Nearly 116 million Americans voted, or half the eligible voters, which represents the highest midterm percentage in a century. Republicans may have held on to their majority in the Senate, but 10 million more Americans voted for Democratic candidates, which translated to a gain of nearly 40 seats in the House.

Only the GOP’s shameless use of voter suppression, gerrymandering, and the Senate’s tilt toward white rural voters kept the blue wave from becoming a tsunami.

The American people have spoken. What they’ve said, quite plainly, is that they’re tired of Donald Trump’s shtick: his lies and taunts, his Twitter tantrums, his conspiracy theories. They want to hear about the policy ideas that Democrats ran on, from universal health care to sensible gun control to a federal minimum wage to anti-corruption measures.

The fundamental problem is that our Fourth Estate hasn’t gotten the memo.

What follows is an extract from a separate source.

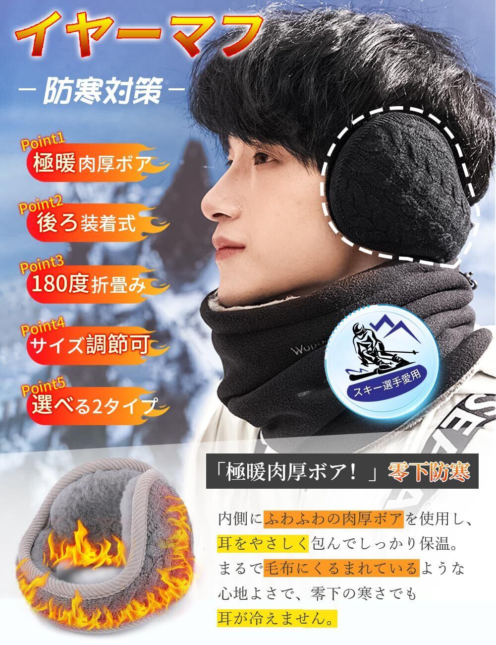 【在庫処分】[GAOTEK] スキー運動が愛用 イヤーマフ 防寒 イヤーウォーマー 【極暖肉厚ボア・後ろ装着式 】 耳あて 耳当て 耳カバー 冬 裏起毛 ふわふわ 防寒対策 折り畳み式 サイズ調節可能 スキー 自転車 バイク 通勤 通学 男女兼用 | maimaiwalnut

Or rather, they’ve chosen to disregard the memo.

...by allowing Trump to drive the news cycle, he appears powerful to his followers, which is central to his strongman mystique.

Instead, they continue to cover Trump as if he were a normal president, the sort who tells the truth and accepts the rule of law and doesn’t incite violence, the sort who makes some discernible effort to govern, and to represent all Americans.

They do this partly out of habit, partly out of hope, but mostly because they know Trump’s antics and accusations attract attention, which translates into revenues.

Trump’s singular talent, in fact, resides in his ability to exploit the media. He’s able to do this because his life as a celebrity-cum-politician long ago revealed to him the bug in the modern mass media system: it cannot resist conflict, scandal, the tawdry and tumultuous.

The media continues to take the bait every time Trump lashes out, flouts common sense and common decency, floats a conspiracy theory, and/or fumes in paranoid nonsense circles.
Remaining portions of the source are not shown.